We can see that by performing the likelihood ratio test between model1 and model2, we got a p>.05, which means that the more reduced model (model2) is a more effective model, so we fail to reject our null and we do not have evidence that the model1 is better than the the more reduced model. Also, we can conclude that we can drop total soldiers and Officer from our model without losing predictive power.

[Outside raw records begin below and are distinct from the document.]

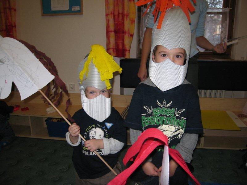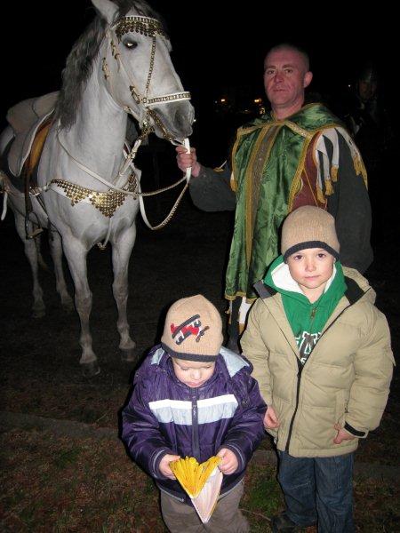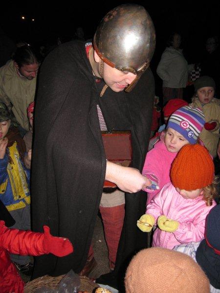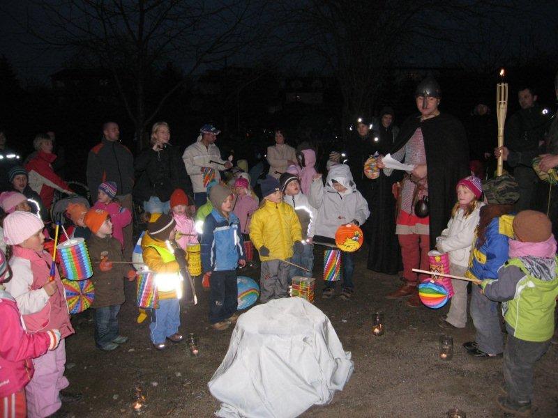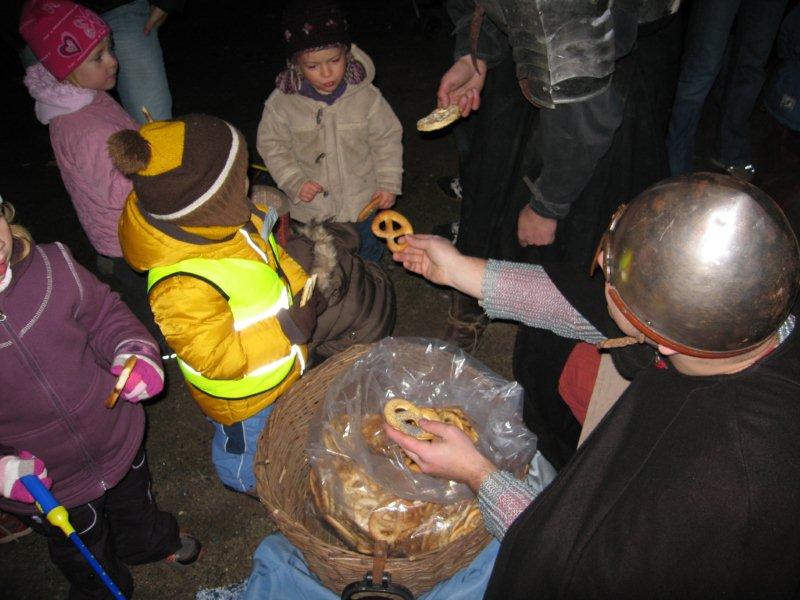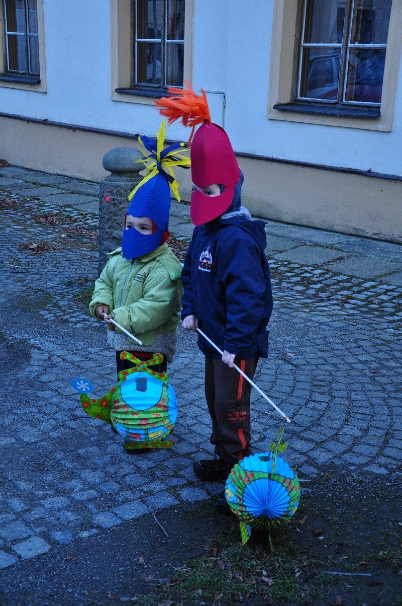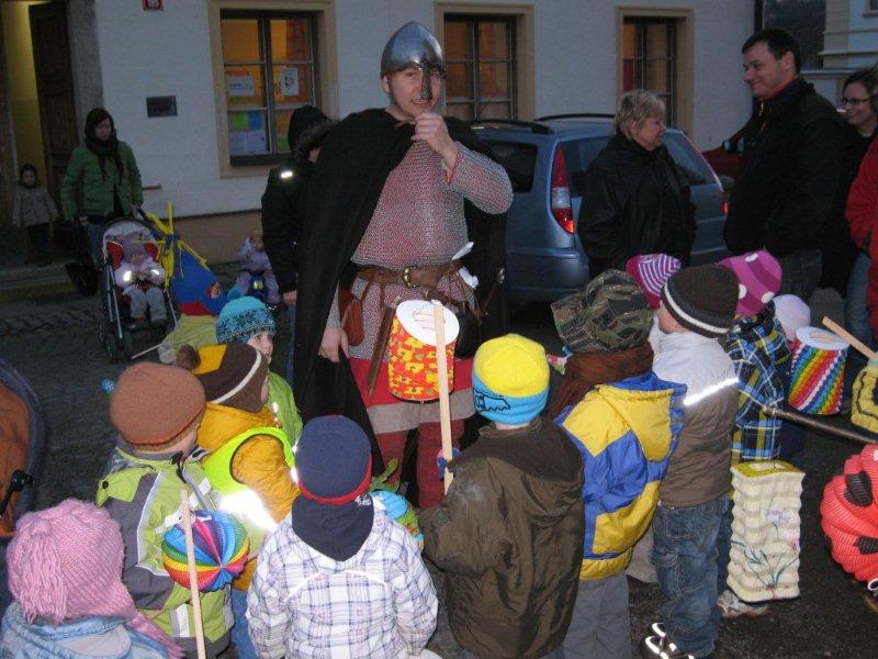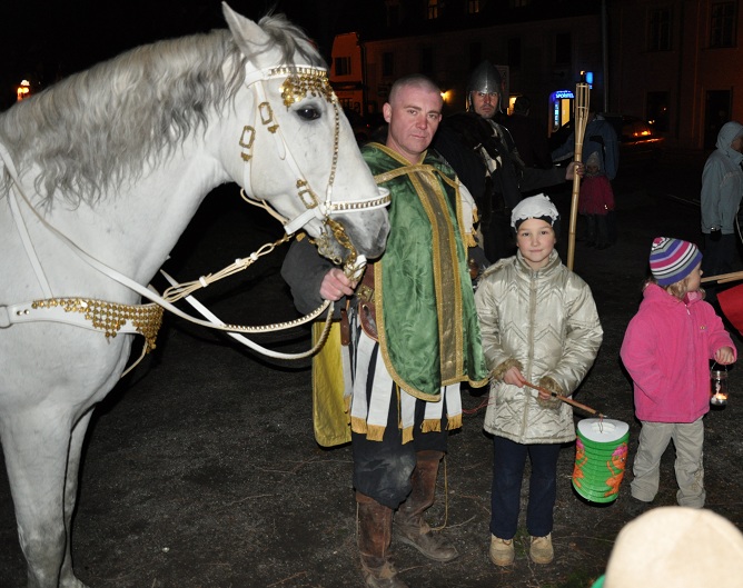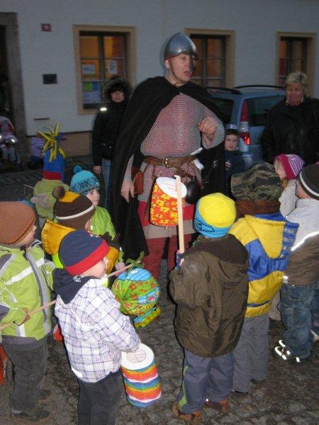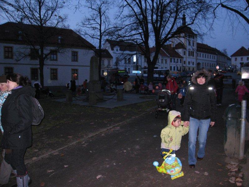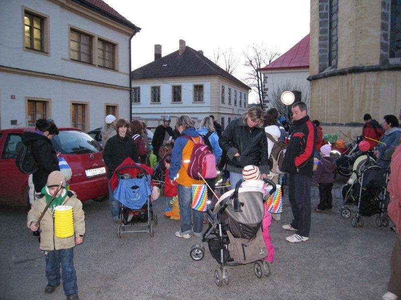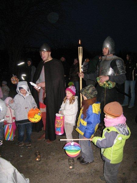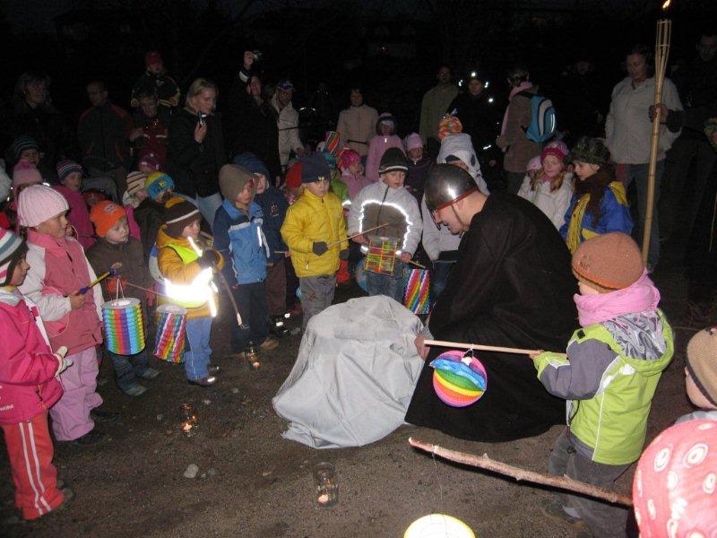 Tradiční lampiónový průvod vyšel letos na čtvrtek 11.listopadu, tedy přesně na svátek Sv. Martina. Před samotným průvodem proběhla v herně MC Permoníček výtvarná dílna, ve které si mohly příchozí děti vytvořit rytířskou helmu s chocholkou a papírovou hlavu koně na tyčce. Děti a zejména maminky si s vyráběním hravě poradily a najednou byla herna plná malých rytířů a jezdkyň na koni. Kolem čtvrté hodiny odpolední se pomalu začalo prostranství před ZUŠ zaplňovat zvědavými dětmi dřímajícími v rukách pestrobarevné lampióny. Na ně již čekal rytíř Jan, kamarád Sv.Martina s informací, že Sv. Martin, druh a kamarád jeho, se ztratil a bude potřeba ho najít, stejně tak jako poklad, který se někde po cestě nachází a o kterém se rytíř Jan doslechl. Děti byly natěšené, rodiče v očekávání. Bude letos kůň živý, či papírový? Během smrákání se průvod s rozsvícenými lampiony v čele s Janem vydal po stopách přes park za muzeem až na volné prostranství za ním. Zde byl objeven naditý poklad plný preclíků a čokoládových mincí. Po rozdání dobrot všem hodným dětem, co se rády dělí rytíř Jan spolu s pomocníkem a všemi dětmi zavolali na Sv. Martina, zda se neukáže. Pochvičce čekání a volání z temnoty přicválal Sv. Martin na bílém oři. Statný kůň svou bělostí zářil na celé okolí, ale sněhovou nadílkou nás neobdařil. Zato Sv. Martin povyprávěl o tom, jak se rytíř Martin svatým stal. Poté požádal svého věrného přítele Jana aby jemu i celému průvodu na cestu posvítil a v čele lampiónového průvodu se pak Sv. Martin a všechny děti s rodiči přesunuli zpět před MC. Permoníček. Tam si děti rozebraly poslední čokoládové mince a vyfotily se s koněm i Martinem.
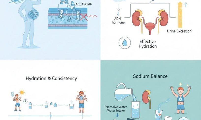 உடலில் நீர் உறிஞ்சப்படுவது அக்வாபோரின்கள் (Aquaporins) எனப்படும் சிறப்பு புரதக் கால்வாய்கள் உட்பட பல வழிமுறைகளால் ஒழுங்குபடுத்தப்படுகிறது. “வேகமாகத் தண்ணீர் குடிப்பது அக்வாபோரின்களை நிலைகுலையச் செய்யும்” என்பது ஒரு மிகைப்படுத்தப்பட்ட கருத்தாகும்.
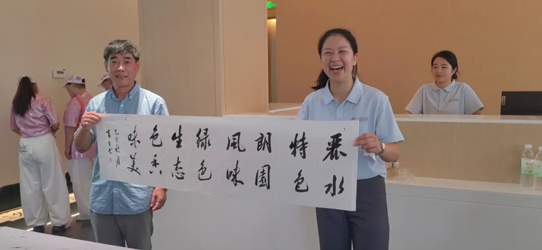 现场邀请了一批丽水当地的书画名家,他们将撰有“长者第一,超越期待”、“福寿安康”等字样的书法作品,赠送给了机构及参加本次活动的长者。

We can see that by performing the likelihood ratio test between model2 and model3, we got a p>.05 again, which means that the our most reduced model (model3) is a more effective model, so we fail to reject our null and we do not have evidence that the model2 is better than our most reduced model. Also, we can conclude that we can drop total soldiers, Officer, and Division from our model without losing predictive power. As a result, our most reduced model is our most effective model from comparing the other models with the likelihood ratio test.
Killed = 5.506 − 260.7(Missingrate) + .224(Wounded)
We used regression techniques such as Box-Cox transformation for response variables and other and the explanatory variables to find the final model. Since all the variables are not significant except for wounded, we did a variable selection procedure. The violation of the normal assumption of the residuals was still not completely fixed. However, we found out that Killed and Missingrate have a negative correlation. That is, as the Missing rate increases by one, the number of soldiers killed decreases by 260.7. And as the number of wounded soldiers increase by 1, then the number of soldiers killed increase by .224.